**ACTIVITY:**
Only the lines below starting at the one containing "Auto in fiamme" and ending at the one containing "Demontierte Abgasanlage (Original" belong in the answer, each copied exactly.

**EXERCISE DATA:**
>>>>

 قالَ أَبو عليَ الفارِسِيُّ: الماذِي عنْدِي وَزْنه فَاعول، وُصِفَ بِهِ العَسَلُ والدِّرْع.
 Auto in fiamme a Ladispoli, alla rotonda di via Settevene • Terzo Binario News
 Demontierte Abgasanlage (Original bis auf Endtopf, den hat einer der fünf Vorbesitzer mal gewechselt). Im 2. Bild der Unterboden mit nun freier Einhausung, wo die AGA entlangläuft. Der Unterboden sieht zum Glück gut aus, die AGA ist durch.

<<<<
>>>>

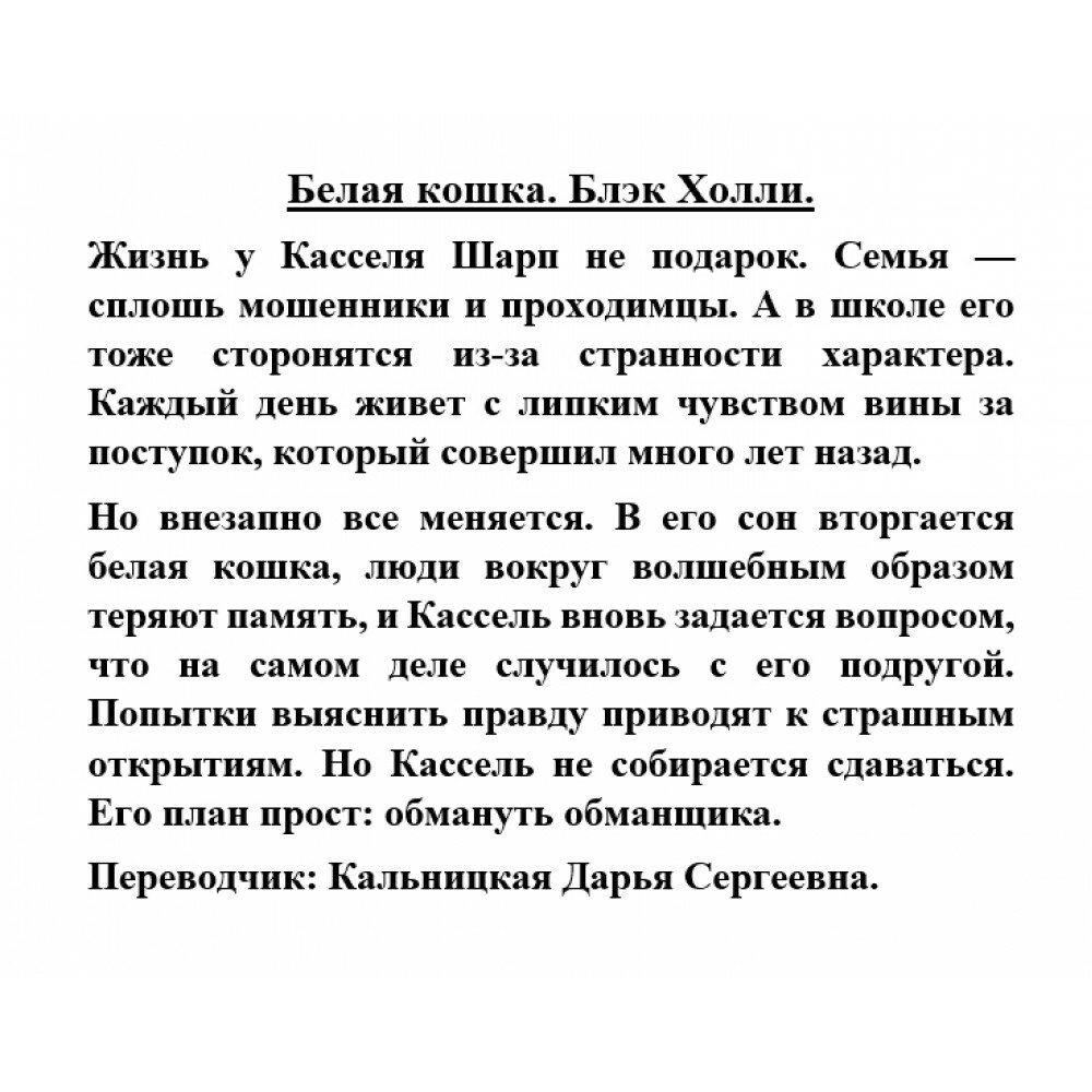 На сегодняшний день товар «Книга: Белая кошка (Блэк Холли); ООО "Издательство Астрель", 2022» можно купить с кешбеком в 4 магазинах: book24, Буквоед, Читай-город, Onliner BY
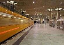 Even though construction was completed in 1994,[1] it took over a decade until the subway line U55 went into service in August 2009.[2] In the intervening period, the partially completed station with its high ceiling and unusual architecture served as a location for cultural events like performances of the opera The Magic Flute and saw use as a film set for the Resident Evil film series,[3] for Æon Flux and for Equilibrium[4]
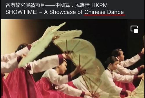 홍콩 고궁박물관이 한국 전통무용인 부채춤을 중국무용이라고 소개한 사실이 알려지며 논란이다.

<<<<
>>>>

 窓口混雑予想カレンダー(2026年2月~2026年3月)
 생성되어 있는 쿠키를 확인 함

<<<<

**EXERCISE RESPONSE:**
 Auto in fiamme a Ladispoli, alla rotonda di via Settevene • Terzo Binario News
 Demontierte Abgasanlage (Original bis auf Endtopf, den hat einer der fünf Vorbesitzer mal gewechselt). Im 2. Bild der Unterboden mit nun freier Einhausung, wo die AGA entlangläuft. Der Unterboden sieht zum Glück gut aus, die AGA ist durch.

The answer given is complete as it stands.